UK record label; dance imprint of A&M Records Ltd in the UK

AM:PM Records was the dance division of A&M Records Ltd in the United Kingdom from 1994 to 1998, with Simon Dunmore as A&R. In 1998, A&M's owner PolyGram merged with Universal Music Group, and the label's operations paused after Dunmore left to start Defected Records along with two other members of staff. In late 1998 the label's operations moved within Island Records with Dave Lambert of Positiva Records brought in to run the label. The ceased in 2002 following a shake up of Universal by Lucian Grange with AM:PM being folded into sister label Serious. Manifesto Records, the dance label of Universal label Mercury Records was also folded in as part of the shake up along with the closure of Universal TV dance label Wonderboy.

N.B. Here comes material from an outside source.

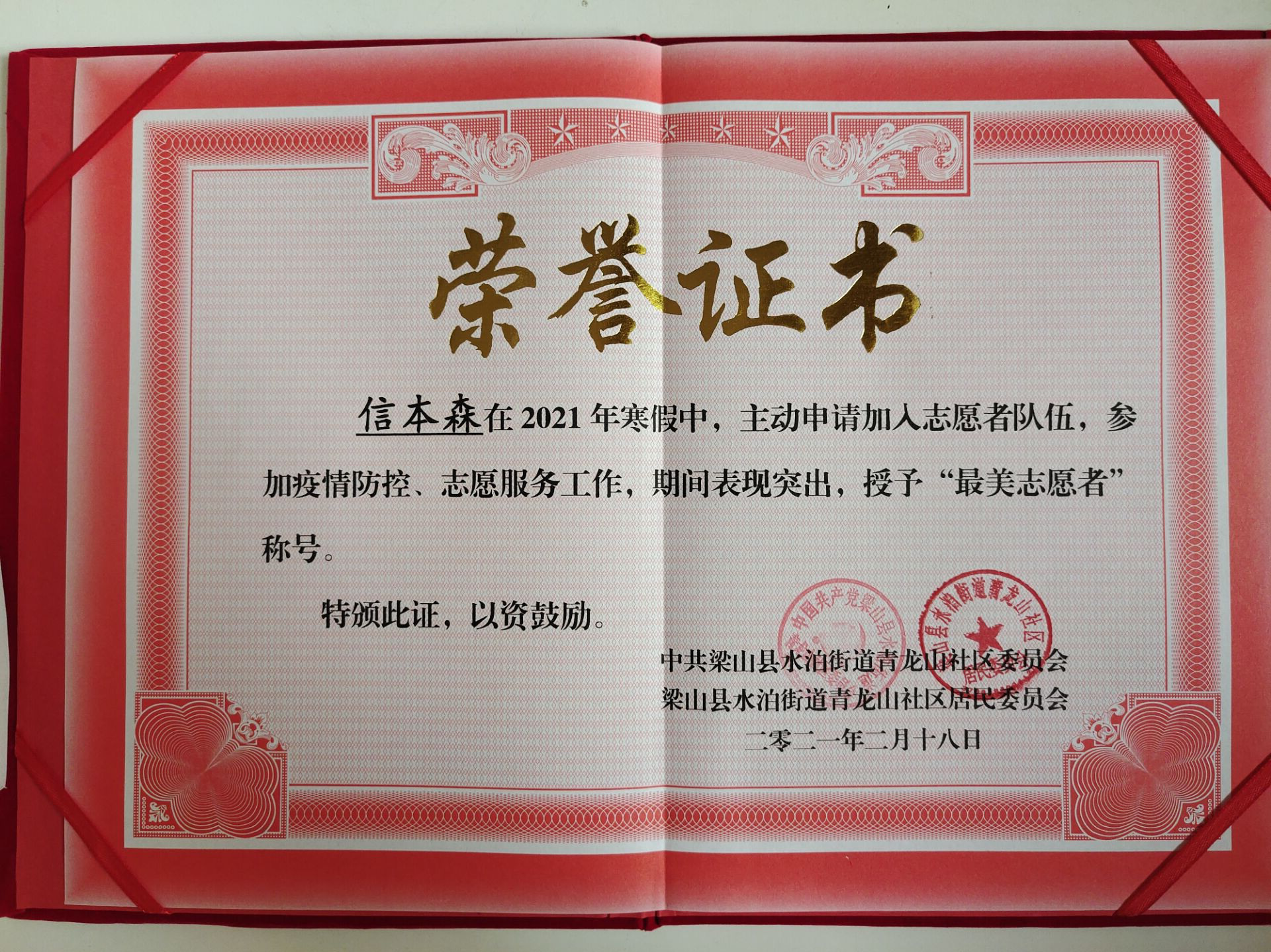红色革命精神仍在延续,无论是抗日战争、解放战争还是现在的抗疫战役。英国威廉希尔唯一官网杨朔同学、信本森同学、刘雅洁同学、秦小妹同学、黄耀同学、廖俊珑同学,主动申请加入志愿者队伍,参加疫情防控志愿者服务工作,获得“最美志愿者”、“优秀志愿者 ”称号。海啸已过,樱花盛开,随着春天的脚步悄然来临,疫情防控也取得了重大成效。这是全国人民一同努力的结果。方方说过:"时代的一粒灰,落在个人头上就是一座山。”作为社会主义新时代青年一代的我们更应该守护他们的战绩,铭记英雄,我们要把英雄精神融入民族血脉,筑牢价值基石。弘扬爱国主义的民族精神,唱响正气歌,坚定信念,以实际行动书写新时代的人生华章。纵有千古,横有八荒;前途似海,来日方长。让我们只争朝夕,不负韶华。方方说过:"时代的一粒灰,落在个人头上就是一座山。"作为当代青年,应该将自己的光与热积极地投身于祖国建设大业中。

AM:PM produced eleven UK top 40 hits including Ultra Naté's "Free", Mousse T's "Horny", Wamdue Project's "King of My Castle", Goldtrix's "It's Love (Trippin')", Heller and Farley Project's "Ultra Flava", Smokin Beats' "Dreams", MJ Cole's "Sincere", Scott and Leon's "You Used to Hold Me" and "Shine On", and the 2000 release of K-Ci & JoJo's "Tell Me It's Real". The dance label of Universal, similarly named PM:AM Recordings, was launched in 2012 with releases by artists such as Afrojack, Tiesto and Avicii.

The label A&M PM Records was the precursor to AM:PM, which was active from 1990 to 1995. Artists on the A&M PM label included Dina Carroll, CeCe Peniston, Crystal Waters, Alexander O'Neal, Barry White, Sounds of Blackness, Rodeo Jones and Awesome 3.